In the first of these columns, an approximation algorithm was used to allocate, across the 14 age ranges, the 44.6 percent of buyers for whom no age information exists. This is a sophisticated process whose mechanics are beyond the scope of this article. The resulting allocations can be remarkably accurate, and are applicable to a number of overlay data elements. However, many commercially available profile products do not include such estimates.

Compare the estimated Percent of Total column with the actual Percent of Total. For example, 18-24-year-olds account for an estimated 24.6 percent of the 112,722 overall coupe buyers. This is drastically higher than the "actual" 7.3 percent of the 62,492 age-coded buyers. Clearly, focusing on the 7.3 percent would be very misleading from a marketing perspective. The "actuals" for the 18-24 and 25-29 age ranges reflect significant under-representation. All other ranges reflect over-representation.

The next two columns compare coupe vs. sedan buyers. The ratio of 205, for example, means that the estimated 24.6 percent of coupe buyers who are 18-24 is more than twice that of sedan buyers. Interest in coupes vs. sedans is highest at 18-24, then consistently declines to a ratio of 77 at 35-39. Then there is rising interest to 45-49, where a secondary peak ratio of 123 occurs. Next, there is a long decline to ages 75-79. Finally, there appears to be a small uptick beginning with 80-84-year-olds, though the corresponding confidence statistics suggest that this is not clear-cut.

From a lifestyle perspective, this makes sense. The young, who often are single and have no children, find two-door vehicles more appealing than four doors. So, too, do 45-54-year-olds, who buy the coupes as secondary vehicles for themselves or their teen-age children. There is lower interest in coupes during the prime child-rearing years, when a premium is placed on four-door practicality. Interest also declines in the senior years, because the two-door design can be difficult to enter and exit.

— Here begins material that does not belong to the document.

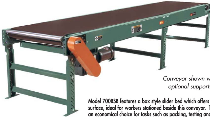
Conveyor shown with optional supports

24 HOUR SHIPMENTS INCLUDE ALL 1-FOOT INCREMENTS 5'-0" TO 100'-0"

Ratios are particularly important in the absence of an approximation algorithm to adjust for missing data and generate estimated "Percent of Totals." This is because unadjusted "actuals," though suspect from an absolute perspective, can be compared with each other to create valid relative metrics. For example, consider again that it is misleading to conclude that 7.3 percent of overall coupe buyers are 18-24. Yet even in the absence of the adjustment to 24.6 percent, we can be certain that the concentration of coupe buyers in the 18-24 age range is twice that of sedan buyers.

The second column in this "comparison against sedan" section is a confidence statistic. This is based on something called a Z-Score. The confidence statistic is frequently misunderstood. Consider, for example, the 99 percent confidence that is associated with the 18-24 age range. It does not translate to 99 percent confidence that the coupe-to-sedan ratio is exactly 205. Instead, it quantifies the likelihood that the percent of total for coupe buyers is statistically different than for sedan buyers.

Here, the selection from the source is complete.